In the end, the conclusion was, I think correctly, that the system of emergency ordinances was unsustainable, and that there had to be a proper legal basis for combating the corona crisis. With that, it was no longer the existing Public Health Act that provided the framework for the Minister of Health to act, but the Temporary Measures COVID Act-19. That provided a number of temporary additions to the Public Health Act with broad powers for the Minister of Health, Welfare and Sport, the presidents of security regions and mayors to take action. The emergency ordinances lapsed after the Temporary Measures COVID-19 Act came into effect.
'The House of Representatives decided to delete the part of the bill that would give unlimited powers to the Minister of Health, WVS, for example, to take measures or still prescribe additional emergency ordinances to combat the coronavirus. These powers would come on top of the temporary amendment to the Public Health Act to give more leeway to the Minister of WVS but also to the mayors and presidents of the security regions. This is precisely where the House of Representatives drew a line through an amendment.
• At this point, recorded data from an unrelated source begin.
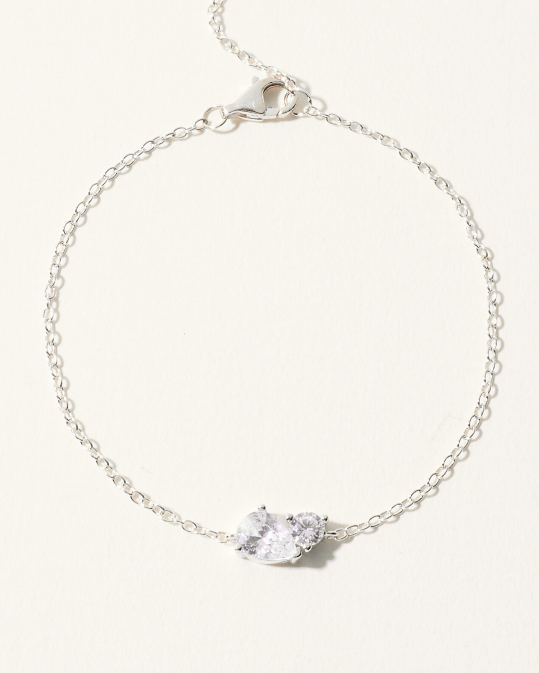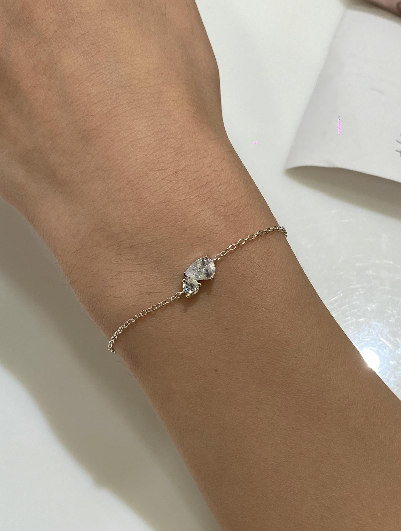- Design: A minimalist chain bracelet featuring two side-by-side, bezel-set stones.
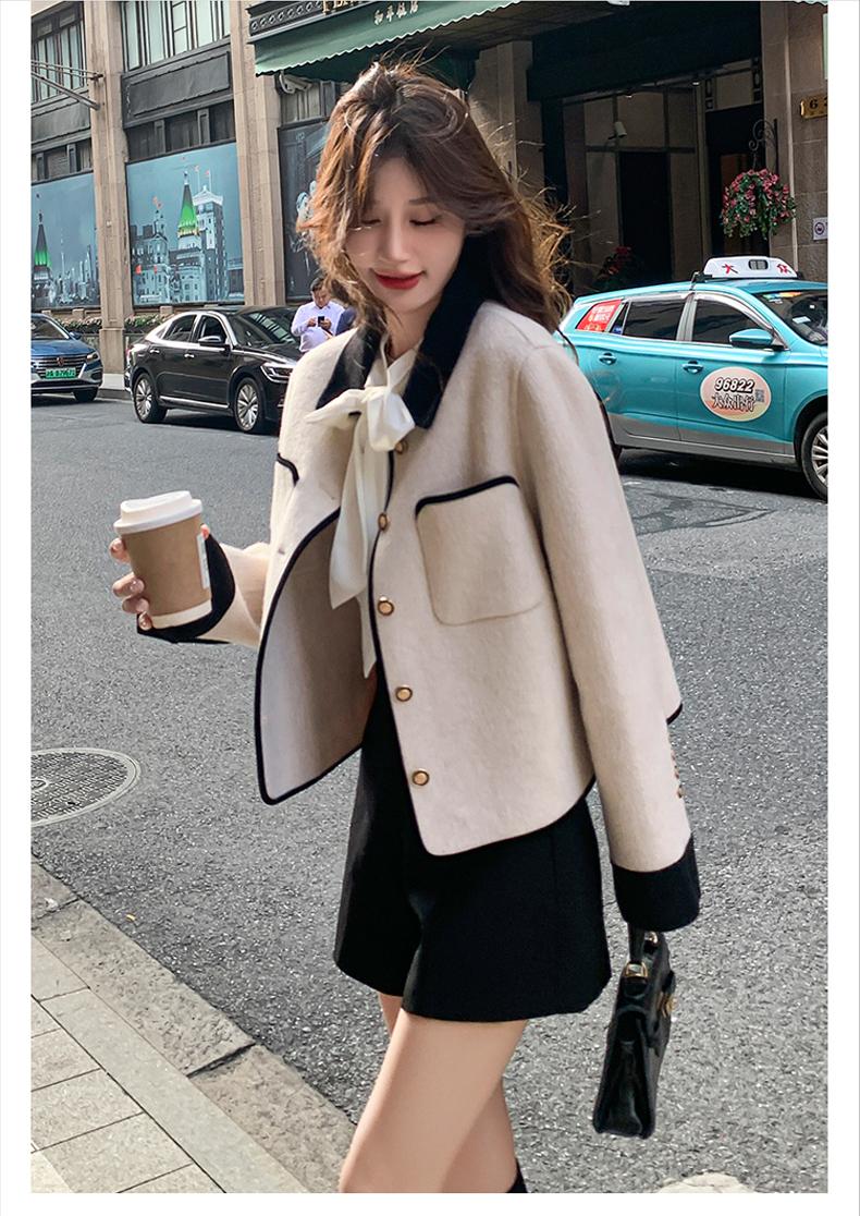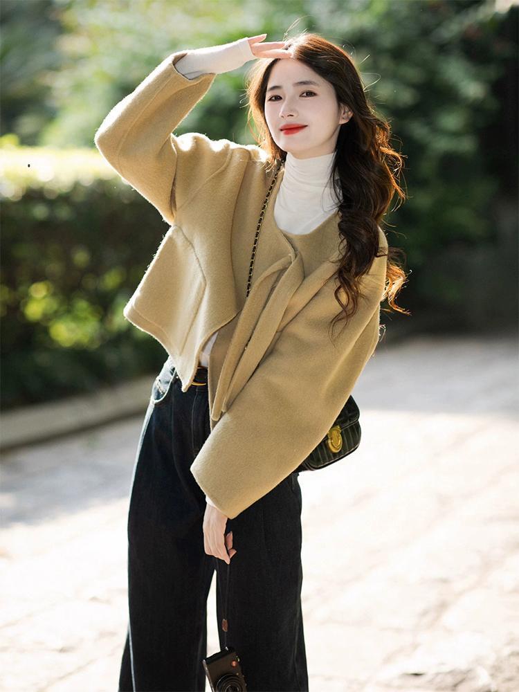 羊絨大衣本身厚度不高,保暖性還不錯,短款的設計作爲開春來穿,非常適合。
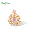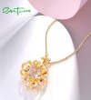 SANTUZZA 925 Sterling Silver Pendant Pink Cubic Zirconia Luminous Cornflower Enamel Jewelry

The current powers do allow for restricting the number of visitors to homes and streets, but not for declaring a curfew. This made it necessary for the cabinet to look for another legal basis for a measure like curfew. For this, the Wbbbg, as part of the emergency law, seemed to offer possibilities. The Advisory Division of the Raad van State was already critical of this in its opinion of early February. Again, the main arguments were that there must be an acute emergency situation. The fact that the cabinet debated extensively with the House of Representatives prior to the curfew coming into effect, and the fact that the possibility of introducing a curfew has been discussed since as early as the fall, do not indicate an acute emergency situation, or an extraordinary circumstance. Indeed, the virus has been with us for a year: so why initiate this emergency law now? Despite the arguments put forward by the government about the seriousness of the situation and the scientific basis for the effects of the curfew, the judge did not go along with them.
'There are two options, both of which the Cabinet has put into effect. The first is to appeal the judge's ruling. A turbo urgent appeal has been filed. Further, the State has initiated an incidental proceeding to seek the suspension of the judgment. The court declared the judgment to be provisionally enforceable. In that suspension incident, the trial court decided yesterday, after weighing the interests of the parties, that the court's judgment be stayed until substantive appellate review of the summary judgment. That will happen in the near future. The curfew will thus remain in force for the time being at least. The substantive appeal will follow in the coming days. On Friday oral arguments will take place and shortly thereafter the court will render judgment.
The chances of the Cabinet winning this are difficult to estimate. I do have to say that so far the courts have upheld most of the measures taken by the cabinet to combat the coronavirus. There has been little attention to the rule of law in these rulings.
The second route has already been announced by the Minister of Security and Justice: bringing into procedure the emergency bill amending the Temporary COVID-19 Measures Act to still establish a sound legal basis for curfews. The bill goes to the House of Representatives today. However, the question is whether it will pass the Senate. Here the coalition parties do not have a majority. As time passes and fewer and fewer infections are recorded, the need for the curfew is felt less. So it will remain exciting in the coming days.